Wilhelm von Scholz, 1874 in Berlin geboren, trat ins Leben mit privilegiertem Hintergrund und einem Hang zur Literatur. Als Sohn des preußischen Finanzministers Adolf von Scholz war ihm der goldene Löffel ebenso vertraut wie das Notizbuch. Nach Studien in Berlin, Lausanne und Kiel promovierte er über Annette von Droste-Hülshoff – ein frühes Zeichen seiner Vorliebe für große Namen und poetische Tiefen.

Wilhelm von Scholz, porträtiert von Karl Bauer (vor 1916), Gemeinfrei

Sein Weg führte ihn von den Klassenzimmern des Konstanzer Gymnasiums über deutsche Bühnen bis in die Preußische Akademie der Künste, wo er 1926 Präsident der „Sektion Dichtkunst“ wurde. Lange hielt er es dort nicht aus – vielleicht war die Dichtung zu widerspenstig, vielleicht das Amt zu trocken.
Mit dem Nationalsozialismus arrangierte sich Scholz erstaunlich schnell. 1933 unterschrieb er gleich mehrere Loyalitätserklärungen, verfasste Hymnen und Durchhalteparolen, als gäbe es dafür Bonuspunkte. Sein Werk „Der harte Wille“ von 1943 lässt wenig Zweifel: „Krieg ist unser Leben.
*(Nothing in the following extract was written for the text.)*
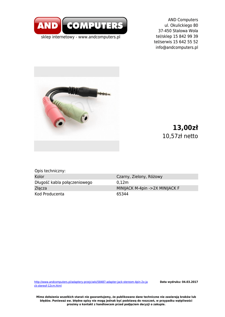 sklep internetowy - www.andcomputers.pl AND Computers ul. Okulickiego 80 37-450 Stalowa Wola tel/sklep 15 842 99 39 tel/serwis 15 642 55 52 [email protected] 13,00zł 10,57zł netto Opis techniczny: Kolor Długość kabla połączeniowego Złącza Kod Producenta Czarny, Zielony, Różowy 0,12m MINIJACK M-4pin ->2X MINIJACK F 65344 http://www.andcomputers.pl/adaptery-przejciwki/58487-adapter-jack-stereom-4pin-2x-ja ck-stereof-12cm.html Data wydruku: 04.03.2017 Mimo dołożenia wszelkich starań nie gwarantujemy, że publikowane dane techniczne nie zawierają braków lub błędów. Ponieważ ew. błędne opisy nie mogą jednak być podstawą do roszczeń, w przypadku wątpliwości prosimy o kontakt z handlowcem przed podjęciem decyzji o zakupie.

Wir wollen Krieg!“ – ein Satz, der heute eher als Mahnung denn als literarisches Glanzstück gelesen wird.
Besonders pikant: Sein früheres Drama „Der Jude von Konstanz“, einst gefeiert für seine humanistische Haltung, erklärte er später selbst für „historisch unreif“. Eine rhetorische Pirouette, die wohl weniger von Reue als von Selbstschutz zeugt.
Nach dem Krieg stufte man Wilhelm von Scholz in Westdeutschland als „Mitläufer“ ein – eine Kategorie irgendwo zwischen „nicht ganz unschuldig“ und „immerhin kein Goebbels“. Seine Stücke verschwanden aus dem Rampenlicht, doch in Konstanz blieb er eine lokale Größe. Die Stadt stiftete sogar einen Wilhelm-von-Scholz-Preis für Abiturienten – bis 1989, als man sich fragte, ob das wirklich eine gute Idee war.
Sein dichterisches Werk? Mystisch, okkult, historisch ambitioniert – und heute weitgehend vergessen. Wer sich durch „Perpetua“ oder „Theodor Dorn“ kämpft, verdient mindestens eine Goethe-Medaille. Apropos: Die erhielt Wilhelm von Scholz tatsächlich 1932, noch bevor er sich in der NS-Lyrik verewigte.

Wilhelm von Scholz starb 1969 in Konstanz. Sein Grab sollte 2008 eingeebnet werden, wurde dann aber unter Denkmalschutz gestellt – ein letzter Akt literarischer Milde.
Eine kleine Randnotiz: In Rainer Maria Rilkes autobiografischer Erzählung „Ewald Tragy“ taucht Wilhelm von Scholz als „von Kranz“ auf. Die beiden begegneten sich im Münchner Café Luitpold – ein Ort, an dem sich Literaturgeschichte und persönliche Begegnung kreuzten.

Die Grußkarte „Zauberleuchtturm“ deutet auf ein magisches, fast märchenhaftes Licht hin. Wilhelm von Scholz selbst liebte das Mystische und Okkulte in seiner Dichtung – doch sein Zauber war gebrochen, sobald er sich dem Nationalsozialismus verschrieb. Die Karte hält diese Ambivalenz fest: ein Leuchten, das zugleich Hoffnung und Warnung ist.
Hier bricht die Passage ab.